On July 3, 2026, Roadzen Technologies Limited (“Roadzen India”), a subsidiary of Roadzen Inc. (the “Company”), entered into a Share Purchase Agreement (the “Purchase Agreement”) with the shareholders (the “Sellers”) of Riverside International Holdings Ltd (“Riverside”), pursuant to which Roadzen India has agreed to purchase Riverside, a managing general agent specializing in short-term car rental insurance across Europe. Under the Purchase Agreement and subject to the terms and conditions set forth therein, Roadzen India will purchase the entire issued share capital of Riverside from the Sellers for a total purchase price of up to £12 million (Twelve Million Pounds Sterling) (the “Transaction”), of which £6 million is payable at the closing of the Transaction (the “Closing”) and the remaining £6 million is payable over a three-year period following the Closing, based on Riverside achieving certain performance milestones.
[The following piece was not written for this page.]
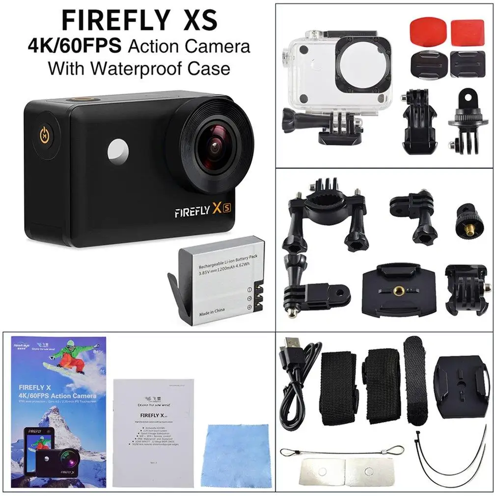 Экшн-камера Firefly XS Wi-Fi FPV 4K с защитой от искажений 90 градусов, Спортивная камера с сенсорным экраном, водонепроницаемый чехол для камеры
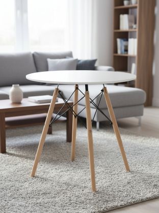 Обеденный стол 80х73 см, белый, МДФ, Фэшн, YTST-001d80-wht, создан для создания уютной атмосферы в доме. Его круглая форма позволяет удобно разместить от двух до четырех человек, обеспечивая комфортное пространство для общения и приема пищи. Белый цвет стола добавляет легкости и визуально увеличивает пространство, что особенно актуально для небольших кухонь и столовых.

The purchase price is payable in cash, except that two of the Sellers have the option to elect to receive the portion of the purchase price payable to them at Closing in the form of shares of Roadzen India, at a price per share based on a valuation of Roadzen India of INR 2,500 crore, and is subject to adjustment based on Riverside’s cash, indebtedness and working capital at Closing. The Purchase Agreement has been approved by the Board of Directors of Roadzen.
The Purchase Agreement contains customary warranties, covenants and indemnification obligations of the parties, and is subject to closing conditions including, among others more fully described in the Purchase Agreement, the receipt of certain regulatory approvals. Unless fulfilled or otherwise waived by the parties, if any of the closing conditions are not fulfilled by July 3, 2027, the Purchase Agreement shall be terminated and the Transaction shall not be completed. The Purchase Agreement provides that £600,000 of the purchase price payable at Closing will be deposited into a retention account to provide a source of recovery to Roadzen India for claims based on the Sellers’ indemnification obligations or breaches by the Sellers of their representations and warranties, and Roadzen India’s right to recovery for claims is subject to certain limitations and conditions set forth in the Purchase Agreement.
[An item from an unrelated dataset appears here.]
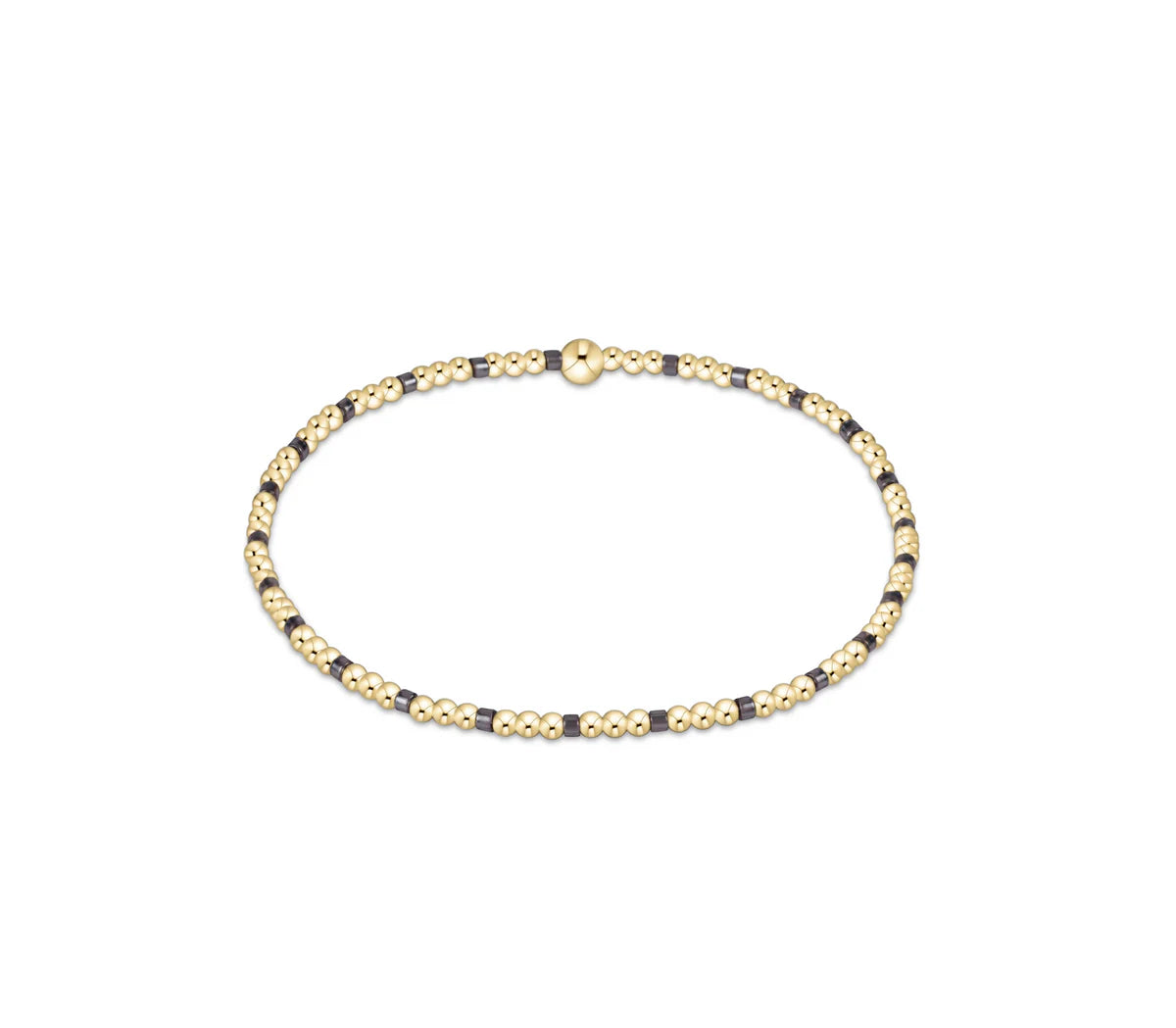 The enewton Hope Sincerity Pattern 2mm Bead Bracelet - Taupe With A Twist Bracelet is made with gold-filled 5mm beads and 2mm seed beads

The Purchase Agreement governs the contractual rights between the parties in relation to the Transaction. The Purchase Agreement has been filed as an exhibit to this Current Report on Form 8-K to provide investors with information regarding the terms of the Agreement and is not intended to provide, modify or supplement any information about Roadzen India, Riverside, or any of their respective subsidiaries or affiliates, or their respective businesses. In particular, the Purchase Agreement is not intended to be, and should not be relied upon as, disclosures regarding any facts and circumstances relating to the Company, Roadzen India or Riverside. The warranties contained in the Purchase Agreement have been negotiated with the principal purpose of allocating risk between the parties, rather than establishing matters as facts. The representations and warranties may also be subject to contractual standards of materiality that may be different from those generally applicable under the securities laws. For the foregoing reasons, the representations and warranties should not be relied upon as statements of factual information. Moreover, information concerning the subject matter of the representations and warranties may change after the date of the Purchase Agreement, which subsequent information may or may not be fully reflected in the Company’s public disclosures.
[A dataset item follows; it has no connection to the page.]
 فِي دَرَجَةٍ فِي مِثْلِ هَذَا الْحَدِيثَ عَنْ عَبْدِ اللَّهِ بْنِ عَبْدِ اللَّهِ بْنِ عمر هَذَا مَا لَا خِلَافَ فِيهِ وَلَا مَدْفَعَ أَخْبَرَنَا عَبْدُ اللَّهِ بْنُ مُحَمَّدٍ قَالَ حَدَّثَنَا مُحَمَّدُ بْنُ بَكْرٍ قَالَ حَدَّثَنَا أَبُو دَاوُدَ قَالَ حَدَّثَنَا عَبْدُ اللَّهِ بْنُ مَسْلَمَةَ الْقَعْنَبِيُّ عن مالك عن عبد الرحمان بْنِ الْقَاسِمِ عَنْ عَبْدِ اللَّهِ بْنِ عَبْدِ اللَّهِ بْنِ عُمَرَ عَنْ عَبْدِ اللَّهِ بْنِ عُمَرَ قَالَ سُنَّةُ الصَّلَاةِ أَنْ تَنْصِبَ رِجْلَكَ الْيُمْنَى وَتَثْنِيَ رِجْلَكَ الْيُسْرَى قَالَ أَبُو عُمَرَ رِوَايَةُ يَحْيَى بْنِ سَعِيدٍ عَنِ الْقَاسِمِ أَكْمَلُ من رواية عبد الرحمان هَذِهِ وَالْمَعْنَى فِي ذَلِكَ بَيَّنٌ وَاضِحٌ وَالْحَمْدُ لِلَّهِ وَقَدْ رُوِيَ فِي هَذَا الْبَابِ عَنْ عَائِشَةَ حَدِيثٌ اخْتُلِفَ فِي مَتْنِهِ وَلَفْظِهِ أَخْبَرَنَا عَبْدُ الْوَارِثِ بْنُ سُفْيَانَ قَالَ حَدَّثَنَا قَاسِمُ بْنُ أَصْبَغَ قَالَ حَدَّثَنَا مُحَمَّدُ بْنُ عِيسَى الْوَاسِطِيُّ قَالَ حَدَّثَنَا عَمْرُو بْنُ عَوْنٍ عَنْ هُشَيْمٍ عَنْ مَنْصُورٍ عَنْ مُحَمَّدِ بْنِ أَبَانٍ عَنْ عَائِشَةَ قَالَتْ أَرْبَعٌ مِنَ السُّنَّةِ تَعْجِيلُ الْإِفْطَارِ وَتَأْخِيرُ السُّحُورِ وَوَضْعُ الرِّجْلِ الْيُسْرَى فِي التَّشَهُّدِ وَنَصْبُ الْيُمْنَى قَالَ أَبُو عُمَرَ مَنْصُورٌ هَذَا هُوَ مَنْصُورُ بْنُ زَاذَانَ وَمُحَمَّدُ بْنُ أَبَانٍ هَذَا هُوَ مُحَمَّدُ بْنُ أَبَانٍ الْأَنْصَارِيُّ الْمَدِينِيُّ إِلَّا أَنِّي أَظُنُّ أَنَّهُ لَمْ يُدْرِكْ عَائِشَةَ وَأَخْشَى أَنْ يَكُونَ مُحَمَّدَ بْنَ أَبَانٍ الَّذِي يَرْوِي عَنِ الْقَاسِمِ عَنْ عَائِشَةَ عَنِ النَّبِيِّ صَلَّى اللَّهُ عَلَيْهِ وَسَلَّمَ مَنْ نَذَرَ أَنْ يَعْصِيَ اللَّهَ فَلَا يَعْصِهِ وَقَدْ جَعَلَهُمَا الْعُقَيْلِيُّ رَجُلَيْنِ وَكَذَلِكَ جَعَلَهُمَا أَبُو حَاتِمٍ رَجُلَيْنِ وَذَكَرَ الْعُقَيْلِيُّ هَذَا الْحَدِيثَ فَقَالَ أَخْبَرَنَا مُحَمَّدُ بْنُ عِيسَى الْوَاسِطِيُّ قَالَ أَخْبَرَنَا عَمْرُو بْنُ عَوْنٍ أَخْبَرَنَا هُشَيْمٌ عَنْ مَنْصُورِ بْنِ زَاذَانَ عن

The foregoing description of the Purchase Agreement does not purport to be complete and is qualified in its entirety by the full text of Purchase Agreement, a copy of which is filed as Exhibit 2.1 to this Current Report on Form 8-K.
Item 7.01 Regulation FD Disclosure.
On July 9, 2026, the Company issued a press release announcing the signing of the Purchase Agreement. A copy of the press release is attached to this current report on Form 8-K as Exhibit 99.1.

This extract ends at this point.